As I mentioned in my last newsletter there was another one brewing. This is it. This probably hasn't been the easiest newsletter to read. Forgive my bluntness and honesty.

I was prompted to write it because of a morning conversation with my late wife's brother Ed. His openness and willingness to have the hard conversation encouraged me. And then my Bible reading this morning in Revelation 3:1b-4 hit me between the eyes. One of the letters to the seven churches that opens John's dream revelation goes this way in "The Message:"

“I see right through your work. You have a reputation for vigor and zest, but you’re dead, stone-dead.

Up on your feet! Take a deep breath! Maybe there’s life in you yet. But I wouldn’t know it by looking at your busywork; nothing of God’s work has been completed. Your condition is desperate. Think of the gift you once had in your hands, the Message you heard with your ears—grasp it again and turn back to God.

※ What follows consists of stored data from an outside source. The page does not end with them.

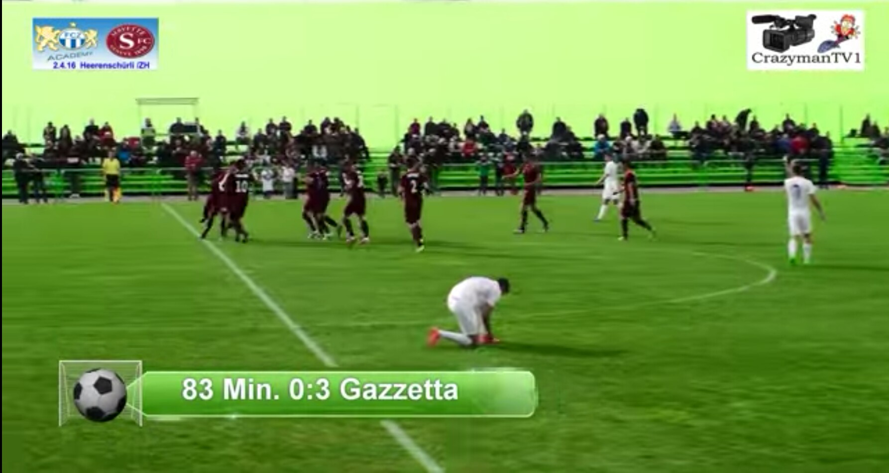Un véritable »Traumtor » digne de la Bundesliga à montrer dans toutes les écoles de football ! Didier, pour le site officiel du SFC, l’a fait savoir aux internautes : « GGGGGOOOOALLLLLLL de Gazzetta ! Immense demi-volée de 35m du pied qui termine comme une lettre à la poste sous la latte de Baumann pour le 3-0. »
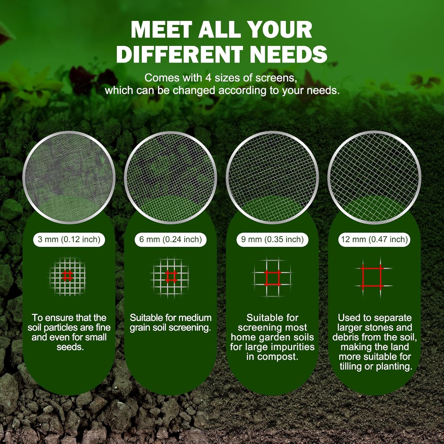 • Our soil sifter for gardening contains 4 removable compost sifter sizes (0.12/0.24/0.35/0.47in): 0.12 Inch: fine soil, suitable for small seeds, houseplants. 0.24 Inch: medium grain, suitable for vegetables (e.g. tomatoes, eggplants). 0.35 Inch: for home garden soil, suitable for ornamental plants (e.g. roses). 0.47 Inch: Provides good permeability, suitable for fruit tree planting
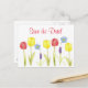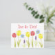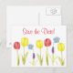 A colourful "save the date" postcard decorated with spring flowers with yellow and red tulips, blue flowering flax and grape hyacinths. Cheerful postcard!
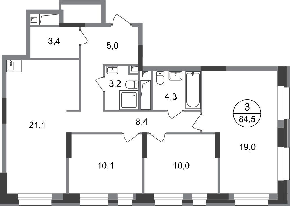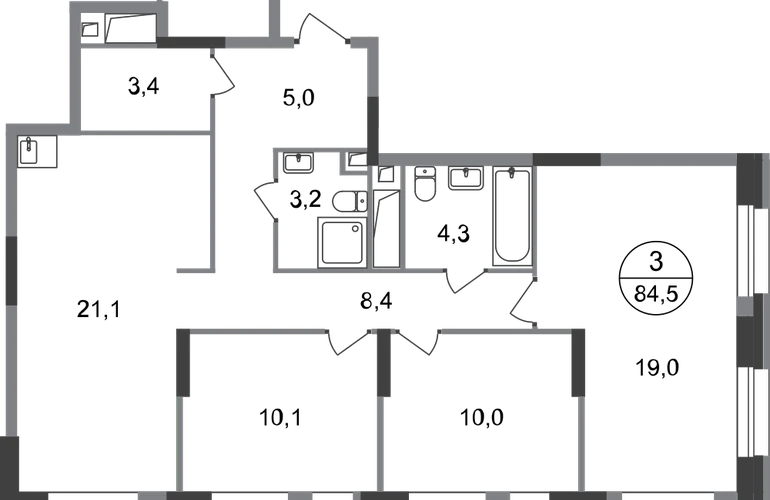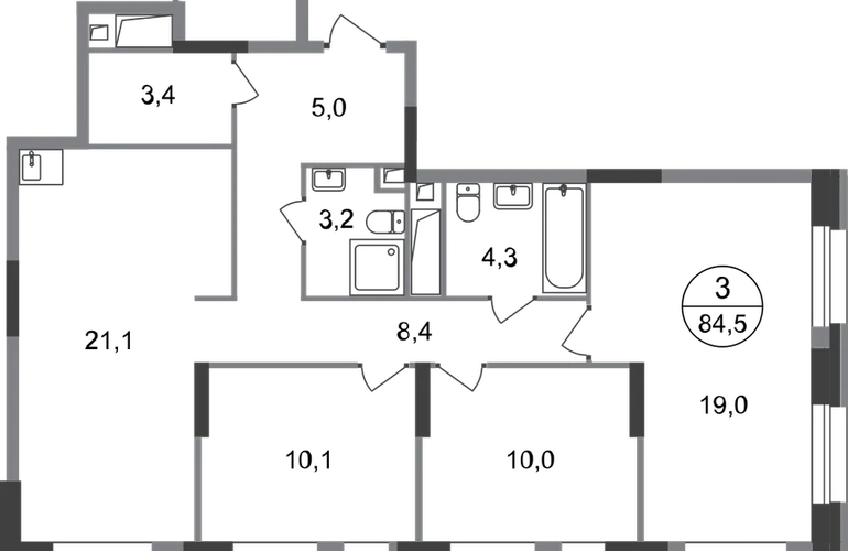 Продается трехкомнатная квартира с отделкой в 7 фазе города-парка "Первый Московский". Общая площадь квартиры - 84,5 кв. м, этаж 3 из 20. Срок сдачи - 1 квартал 2027 года. Тип дома - монолитный. Цена указана при 100% оплате. Новый корпус состоит из 3 секций: - 1 и 2 секции — с отделкой White Box с возможностью приобретения чистовой отделки за дополнительную плату - 3 секция — без отделки Город-парк "Первый Московский" расположен всего в 7 км по Киевскому шоссе (Новая Москва). Из города-парка прямой выезд на Киевское шоссе и трассу Солнцево-Бутово-Варшавское шоссе. ТРАНСПОРТНАЯ ДОСТУПНОСТЬ: - 5 мин. на личном автомобиле или 10 мин. на автобусе №189 и №147 до станции метро «Филатов Луг» - 25 мин. пешком до станции метро «Филатов Луг» ИНФРАСТРУКТУРА: Около 7 фазы запланировано строительство детского сада, школы, 2 многоуровневых паркингов. Также на территории проекта есть все необходимые объекты действующей социальной и бытовой инфраструктуры: 8 детских садов, 5 школ, ТЦ, магазины, паркинги, аптеки и др. БЛАГОУСТРОЙСТВО: - Дворы без машин - Игровые зоны для детей, зоны для занятия спортом, зоны для отдыха с навесами/качелями - Детские площадки разделены по возрастным группам - Пешеходный и веломаршрут с двухполосной велодорожкой 2,5 м в ширину - Озеленение с растениями всесезонного цветения ОСОБЕННОСТИ АРХИТЕКТУРЫ: В каждой секции 3 корпуса предусмотрены: - колясочные во входных группах - кладовые помещения с -1 по 20 этажи - коммерческие помещения на 1 этажах - по 4 лифта: 2 пассажирских, 2 грузовых - видеонаблюдение, установленное в холлах первых этажей, у подъездов и на прилегающей территории АВТОРСКИЙ ДИЗАЙН: Входные группы выполнены по авторскому дизайну, оснащены системой «тёплый пол». В каждой входной группе будет располагаться комфортабельная зона ожидания с мягким диваном, акцентными пуфами и столиком.О застройщике
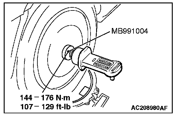 ^ For AWD vehicles with aluminum wheels, tighten the wheel alignment gauge attachment (Special tool: MB991004) to the specified torque, then measure the camber
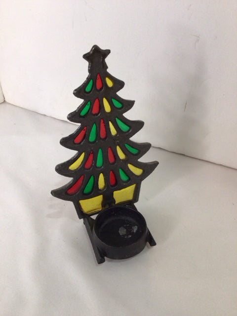 Candle Holder Multi-Color Metal/Glass Christmas Tree Holiday Item

If you pull the covers back over your head and sleep on, oblivious to God, I’ll return when you least expect it, break into your life like a thief in the night."

I raised the question earlier, what does God require of me? Here he clearly calls me to His Message. That His forgiveness for all the wrong that I do is to empower me to pass that Message on. When people praise me for my positive attitude, for my empathy, for my boldness all I can do is point silently to the God who has given me these gifts.

Pray for me as I await the results of this next scan.